Once the validation is complete, is the model (algorithms) optimally adjusted to the underlying data or the specific target, universe and the universe in this one test?
So ,if I start testing on a new target or with a different universe, do I need to restart the process with the algorithms, or do the already validated algorithms from the first round have relevance for the next test?
Thank you, I was aware of this solution, but what I was actually wondering about is: When a model has been trained on a specific dataset with a certain number of features and a target, let’s say that Extra Trees III, for example, turns out to be the best model, is this model so specifically tailored to the features, dataset, and target from the initial training that it has little transfer value when applied to another training dataset or with different features?
In other words, if Extra Trees III is the best model for one dataset, is it general enough that it can also be effectively used in other tests?

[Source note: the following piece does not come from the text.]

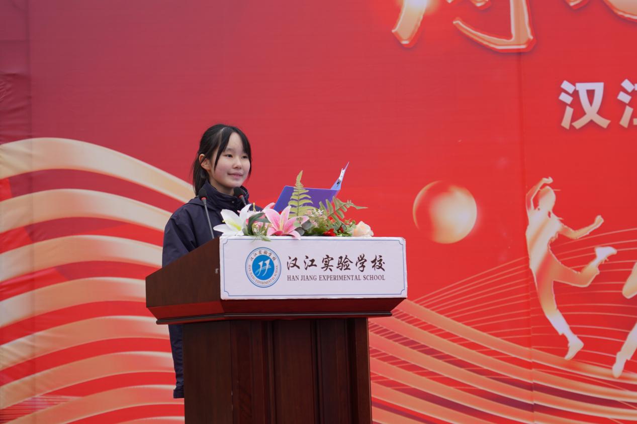 优秀学生代表九(5)班贺粲如对学弟学妹们寄予了深切的期望,她希望幼儿园的小朋友们学会独立,永葆善良,不惧失败,坚守热爱;希望小学的弟弟妹妹们珍惜时间,全身心地投入学习,打开属于自己的未来之门;希望初中的同学们持之以恒,用汗水浇灌,用智慧耕耘,让青春不留遗憾。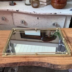 Rectangle shaped brass mirrored vanity tray, excellent condition

You need enough different datasets, objectives, validation methods, normalization methods and feature sets to test the robustness of this. I'd even have different optimal models with the exact same feature set, objective, validation method, and set of features just because of the different normalization methods: one with absolute hegemony of the linear model and one with absolute hegemony of LightGBM. Therefore, the best choice is best made by averaging many different good models, rather than optimizing methods/parameters with your In-sample data.

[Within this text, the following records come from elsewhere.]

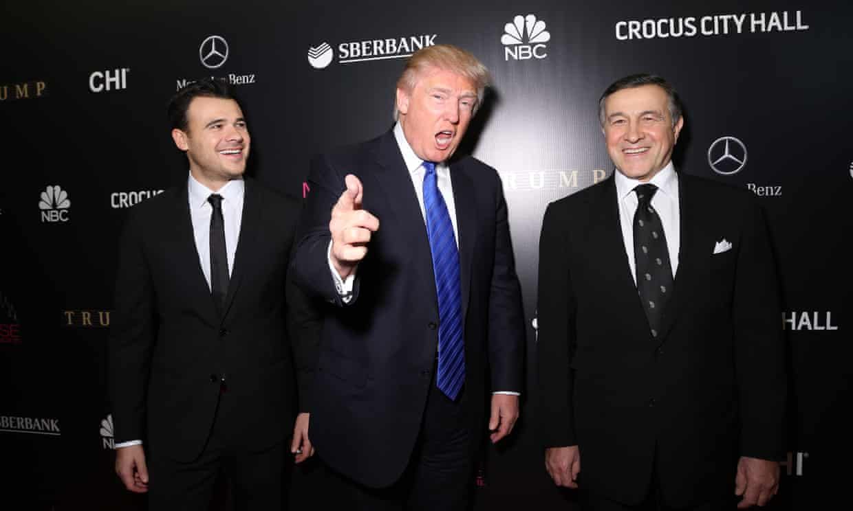 Emin Agalarov, Donald Trump and Aras Agalarov attend the Miss Universe pageant in Moscow, Russia on 9 November 2013. Victor Boyko/AFP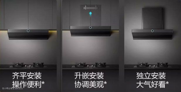 而新欧式就是在原版基础上做了改良,微调尺寸后使得油烟机能够与家里橱柜平齐,看着大方美观又不影响使用,同时还保留了欧式油烟机的强劲动力和低噪音的优点。这也是我选方太F2的其中一个原因,之前老油烟机是新房装修的时候跟橱柜一起定制的,方太F2这款它可以根据家里不同情况选择不同的安装方式:齐平安装、升嵌安装、独立安装。
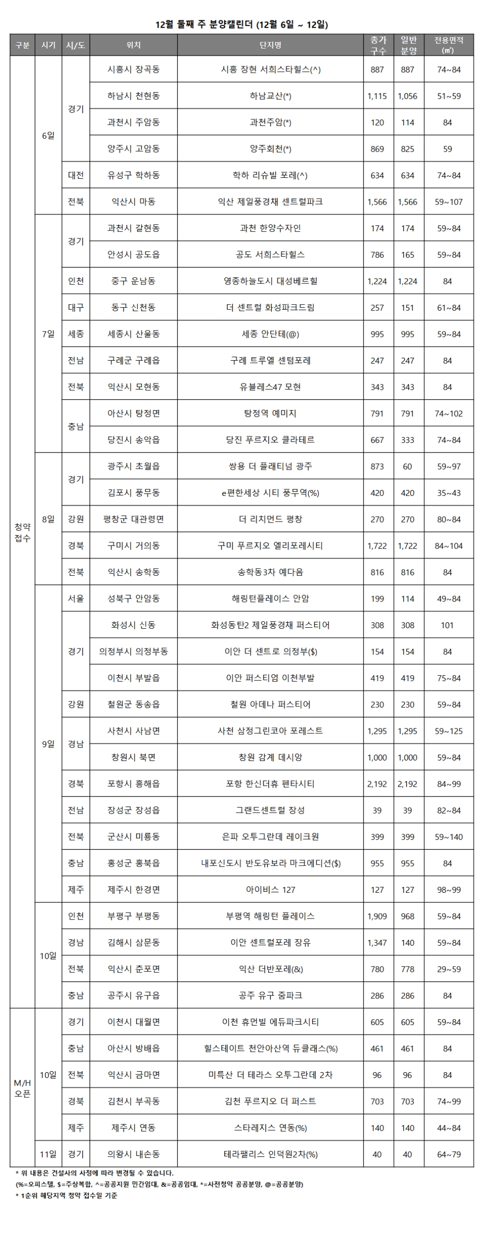 이미지 확대보기4일 리얼투데이에 따르면 12월 둘째주에는 전국 36곳에서 총 2만2197가구(오피스텔·공공분양·사전청약 공공분양·공공지원 민간임대 포함, 행복주택 제외)가 분양을 시작한다.

In my experience, individually the extra trees, LightGBM and linear models are always the best, just the ranking varies. But neural networks have good stochasticity and are best used for model averaging. The best model for actual trading is probably a combination of a few extra trees, a few LightGBMs, a few linear models and a couple dozen neural networks. All of them have the best parameters settings.
Yes. The model is "optimally adjusted" in the sense that I think you cannot use it with different features or a different target.
I do think you can use a somewhat different universe if you do not change the features or the target. Personally, I train a model on the Easy to Trade universe but fund a model using a universe that is slightly more liquid that the Easy to Trade Universe.
It is my belief (with little proof) that the benefit of training on more data points with the Easy to Trade universe outweighs the possibility that the more liquid universe is a lot different. I would be hesitant to say whether I could fund a model that uses the SP500 universe that has been trained on the Easy to Train Universe. But probably not.
For example, analyst recommendations are probably factored into the price of SP500 companies quicker and/or incorporated into the FactSet data quicker—making those factors behave different for different universes. Different in ways I won't speculate on here, but making models for a large-cap universe different than a micro-cap universe.
Neural-nets can use "Transfer Learning" where the features and target can be different but that is not applicable to P123 yet I think. Probably not an upcoming feature either, I would guess. I mention it largely because it is just plain cool and because it is the only exception I am aware of. The exception to using different features or targets in training.